Data extracted from a collection
============================================================
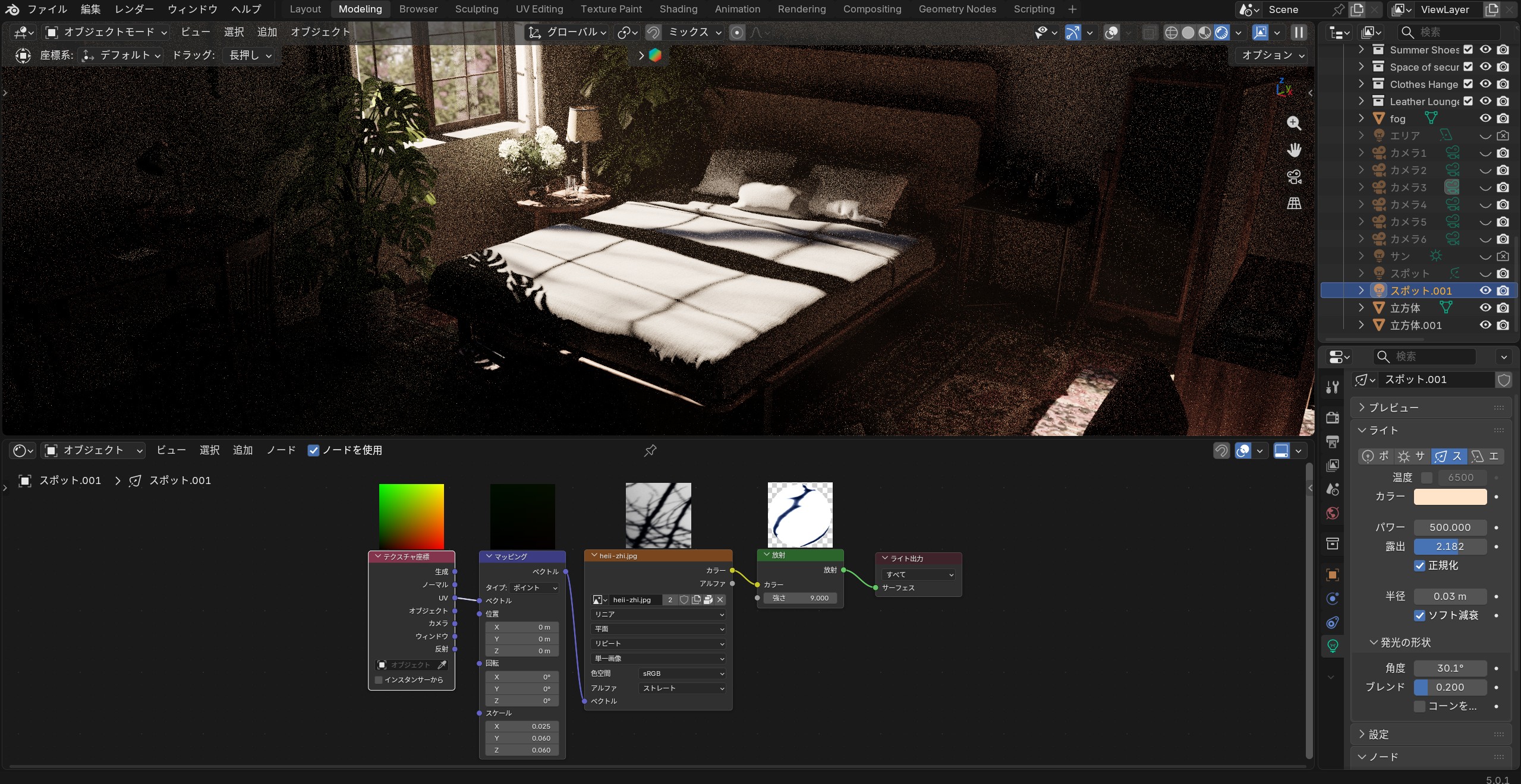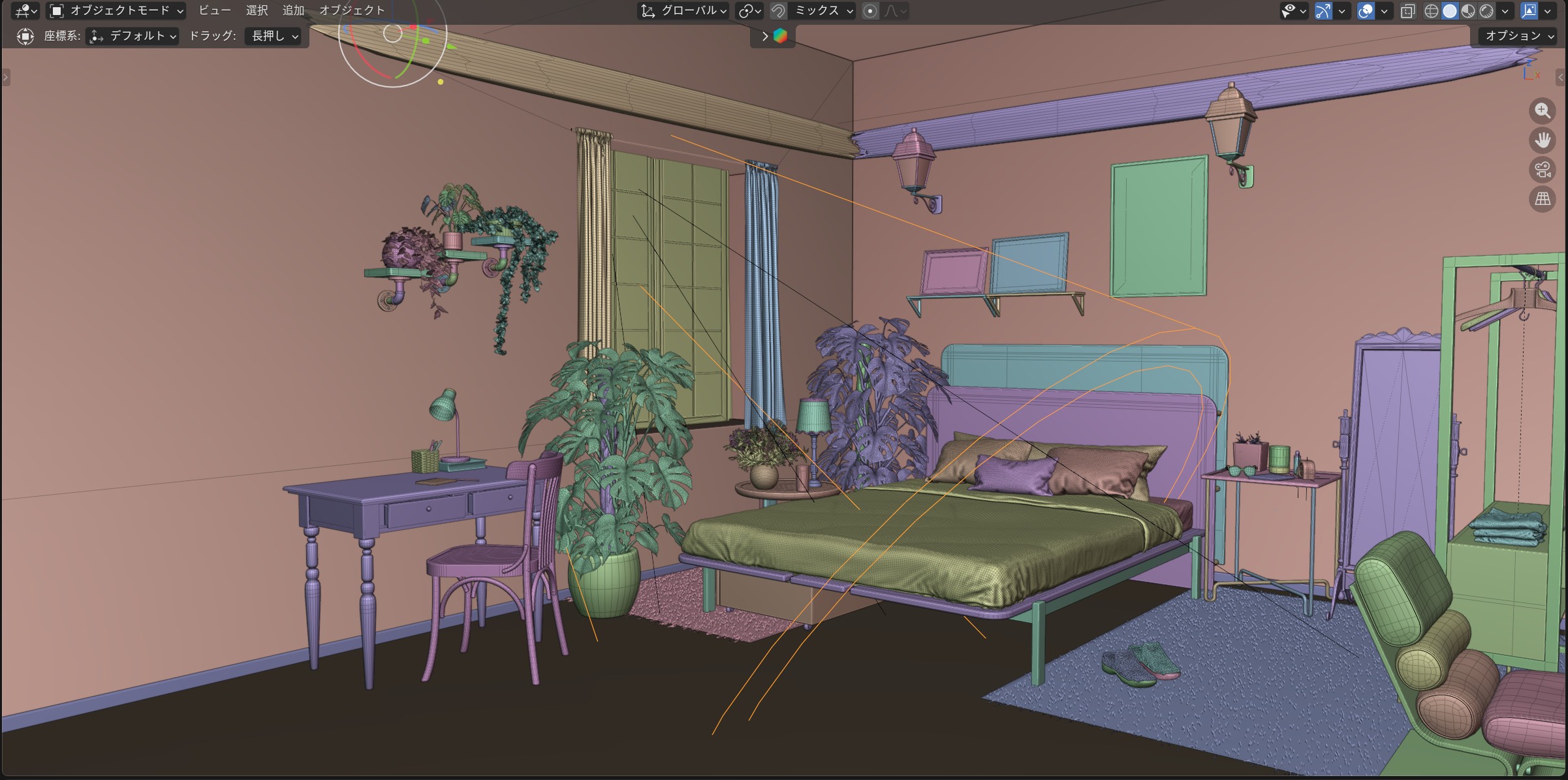 家具を配置し、それぞれのマテリアル・テクスチャを調整した状態まで仕上げます。(今回はライティングがメインのため、モデリング・シェーディング手法は割愛させていただきました)
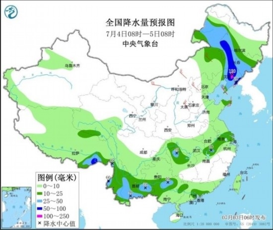 7月4日08時(shí)至5日08時(shí),內(nèi)蒙古東部、黑龍江南部、吉林、遼寧以及蘇皖南部、湖北西南部、湖南北部、廣東南部、廣西北部和西部、云南大部、西藏東南部等地部分地區(qū)有中到大雨,其中,內(nèi)蒙古東北部、黑龍江西南部、吉林中西部、遼寧中東部、西藏東南部等地部分地區(qū)有暴雨或大暴雨(100~120毫米)。內(nèi)蒙古、華北北部和西部、黃淮東部、東北地區(qū)南部等地部分地區(qū)有4~6級風(fēng)。
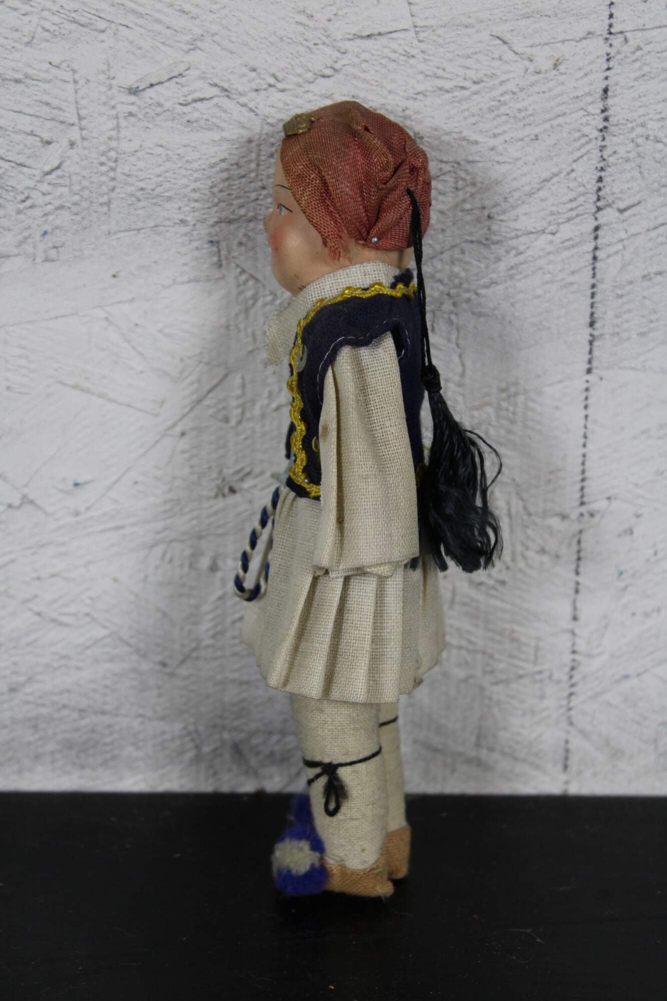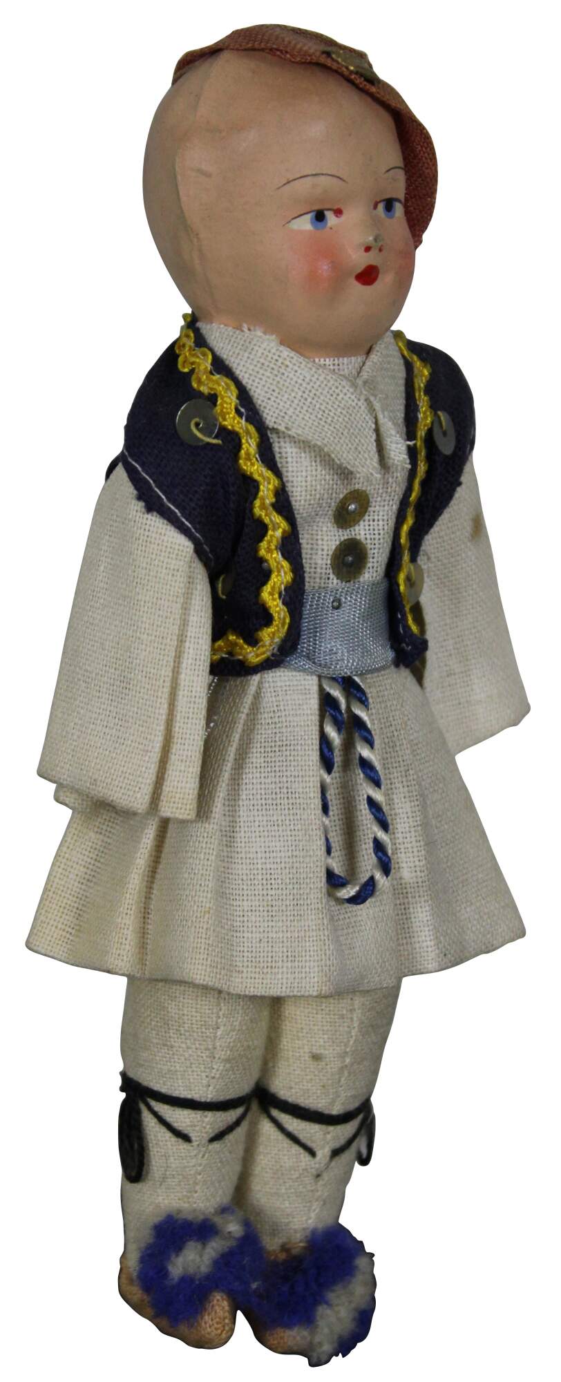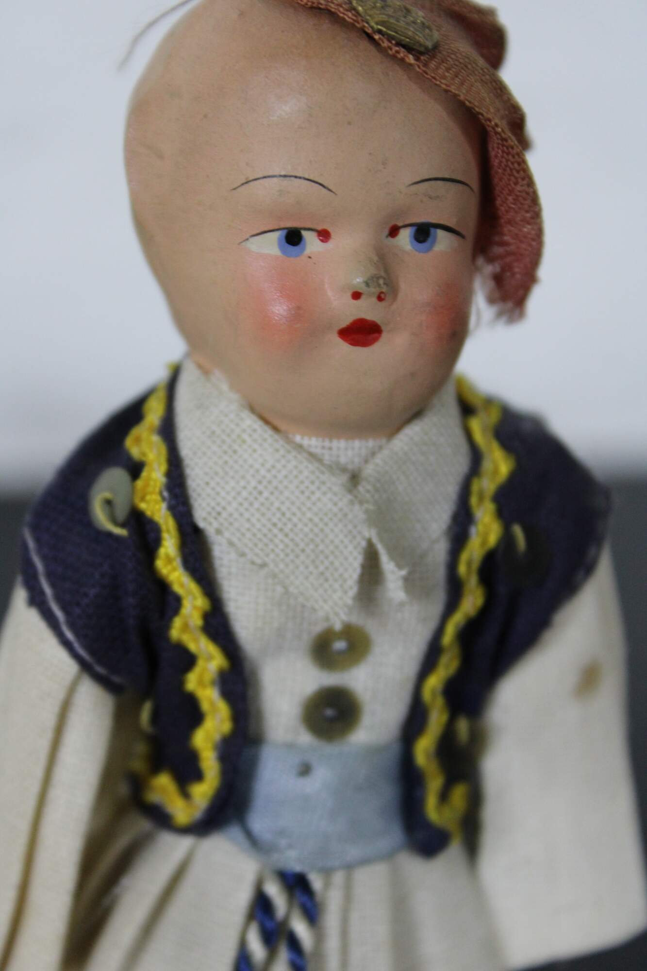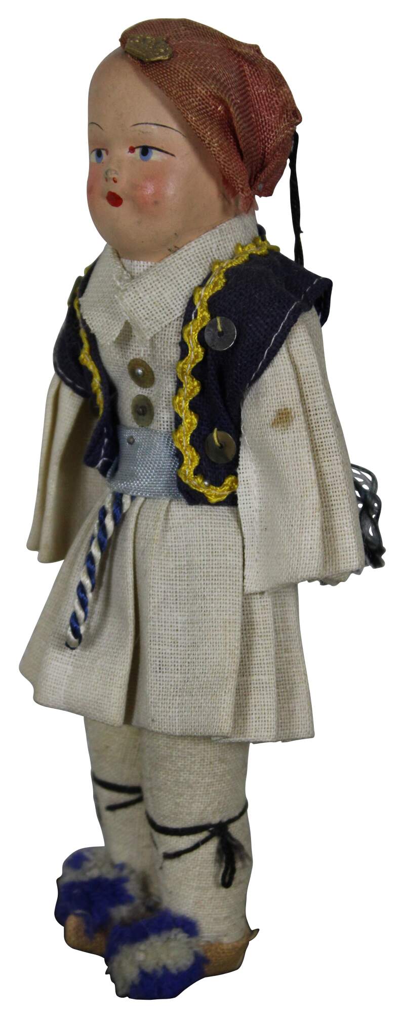 Antique composition head and cloth body Russian folk dress doll with hand painted features.
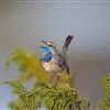 蓝点颏亦称“蓝喉歌鸲”,通称蓝靛颏儿。身体大小和麻雀相似,体长12-13厘米,体重17-18克。头部、上体主要为土褐色。眉纹白色。尾羽黑褐色,基部栗红色。颏部、喉部辉蓝色,下面有黑色横纹。下体白色。…全部>>
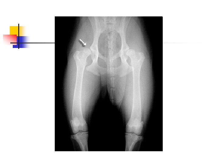 Lateral Pelvic Radiographs in Dogs n n Lateral view-Dog lying on affected side (to prevent image magnification and distortion by placing side of interest closest to the film). Affected leg is neutral, unaffected leg is pulled back a moderate amount dorsally with the goal of keeping the pelvis lateral
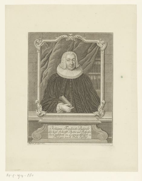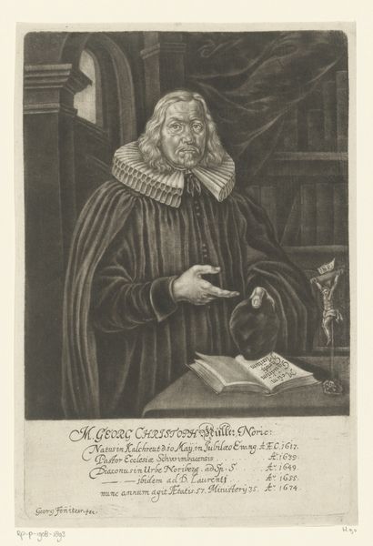 This engraving of Sigismund Faber at the age of 70, was created by Johann Friedrich Fleischberger. The portrait presents Faber in a distinguished manner, his face etched with fine lines that speak to age and experience. Fleischberger masterfully uses line and texture to create depth. Faber's garments, rendered in meticulous detail, contrast with the smoother surfaces of his face, drawing attention to his intellectual presence. Note how the lines of the ruff lead the eye directly to Faber's face, underscoring the importance of the individual. The visual structure creates a semiotic field, where the book, the face, and the textual inscriptions combine to convey Faber's identity as a man of learning and faith. The overall composition is rigidly structured, reflecting the religious order. Yet, within this order, the artist captures a sense of Faber's personal character and intellect, suggesting a play between institutional role and individual identity.
============================================================
Aim of the task: This exercise asks for an exact copy of the lines from the first one in the data through the line that contains "7月4日08時(shí)至5", pictures excluded.

Answer box:
 家具を配置し、それぞれのマテリアル・テクスチャを調整した状態まで仕上げます。(今回はライティングがメインのため、モデリング・シェーディング手法は割愛させていただきました)
 7月4日08時(shí)至5日08時(shí),內(nèi)蒙古東部、黑龍江南部、吉林、遼寧以及蘇皖南部、湖北西南部、湖南北部、廣東南部、廣西北部和西部、云南大部、西藏東南部等地部分地區(qū)有中到大雨,其中,內(nèi)蒙古東北部、黑龍江西南部、吉林中西部、遼寧中東部、西藏東南部等地部分地區(qū)有暴雨或大暴雨(100~120毫米)。內(nèi)蒙古、華北北部和西部、黃淮東部、東北地區(qū)南部等地部分地區(qū)有4~6級風(fēng)。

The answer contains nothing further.